AtmosTransport.Preprocessing.allocate_raw_window Method
allocate_raw_window(settings::GEOSSettings; FT, Nz) -> RawWindowPre-allocate a per-window workspace for the GEOS reader: 6 zero-filled panel arrays each for m, m_next, qv, qv_next, am, bm (shape (Nc, Nc, Nz)) and ps, ps_next (shape (Nc, Nc)).
When settings.include_convection, also allocates cmfmc (interfaces, shape (Nc, Nc, Nz + 1) per panel) and dtrain (centers, shape (Nc, Nc, Nz) per panel).
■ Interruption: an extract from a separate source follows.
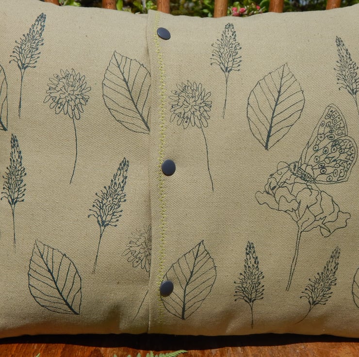 The reverse of the cushion has been screen printed with beech leaves, butterfly and birds foot trefoil and hoary plantain and scabious. The cushion is an envelope style with 3 poppers to stop any gaping.

Cross-topology winds (u, v) stay nothing here — they are produced by the orchestrator only when the target grid differs from the source.
AtmosTransport.Preprocessing.allocate_tm5_workspace Method
allocate_tm5_workspace(Nlon_src, Nlat_src, Nz_native, Nz, FT;
regridder=nothing, target_nlon=Nlon_src,
target_nlat=Nlat_src) -> TM5PreprocessingWorkspaceAllocate the TM5 preprocessing workspace. Pass regridder=nothing for identity (source and target grids match). Otherwise pass a ConservativeRegridding.Regridder built via build_regridder(source_mesh, target_mesh) from src/Regridding/.
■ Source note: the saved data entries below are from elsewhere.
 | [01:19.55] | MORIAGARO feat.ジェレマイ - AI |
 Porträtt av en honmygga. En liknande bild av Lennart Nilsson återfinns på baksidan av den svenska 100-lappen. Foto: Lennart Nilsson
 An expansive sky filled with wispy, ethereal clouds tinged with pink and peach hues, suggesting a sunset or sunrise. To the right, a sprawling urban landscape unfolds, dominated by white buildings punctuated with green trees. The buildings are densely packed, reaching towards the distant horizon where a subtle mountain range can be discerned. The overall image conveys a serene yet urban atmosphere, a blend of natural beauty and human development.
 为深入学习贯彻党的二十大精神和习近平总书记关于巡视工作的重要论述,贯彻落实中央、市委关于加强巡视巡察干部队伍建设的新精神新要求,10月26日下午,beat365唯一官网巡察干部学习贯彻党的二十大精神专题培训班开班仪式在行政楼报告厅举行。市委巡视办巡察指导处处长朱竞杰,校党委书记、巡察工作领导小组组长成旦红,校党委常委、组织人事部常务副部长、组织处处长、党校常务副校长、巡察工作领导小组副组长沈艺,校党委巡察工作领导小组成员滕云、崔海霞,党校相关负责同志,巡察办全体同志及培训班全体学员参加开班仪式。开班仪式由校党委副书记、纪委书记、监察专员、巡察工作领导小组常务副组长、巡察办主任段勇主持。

AtmosTransport.Preprocessing.allocate_window_workspace Function
allocate_window_workspace(args...; kwargs...)Construct the topology-specific AbstractWindowWorkspace{G, FT} for one preprocessing day. Concrete methods land as production drivers migrate.
AtmosTransport.Preprocessing.apply_vertical! Function
apply_vertical!(buf_out, buf_in, plan::VerticalPlan, kind::AbstractFieldKind, args...)Apply the vertical transform to one window of buf_in, writing the result into buf_out. Dispatches on the (plan.transform, kind) combination:
Extensive center fields (
MassField,TracerMassField,MassFluxField,ConvectionTendencyField) sum native layers within each output group.Interface fields (
PressureFluxField,ConvectionInterfaceFlux) select the kept half-level interfaces.IntensiveCenterFieldtakes an additional positionalweightsargument (native mass-per-layer); produces the mass-weighted mean within each output group.SurfaceFieldis a passthrough copy (no vertical reduction).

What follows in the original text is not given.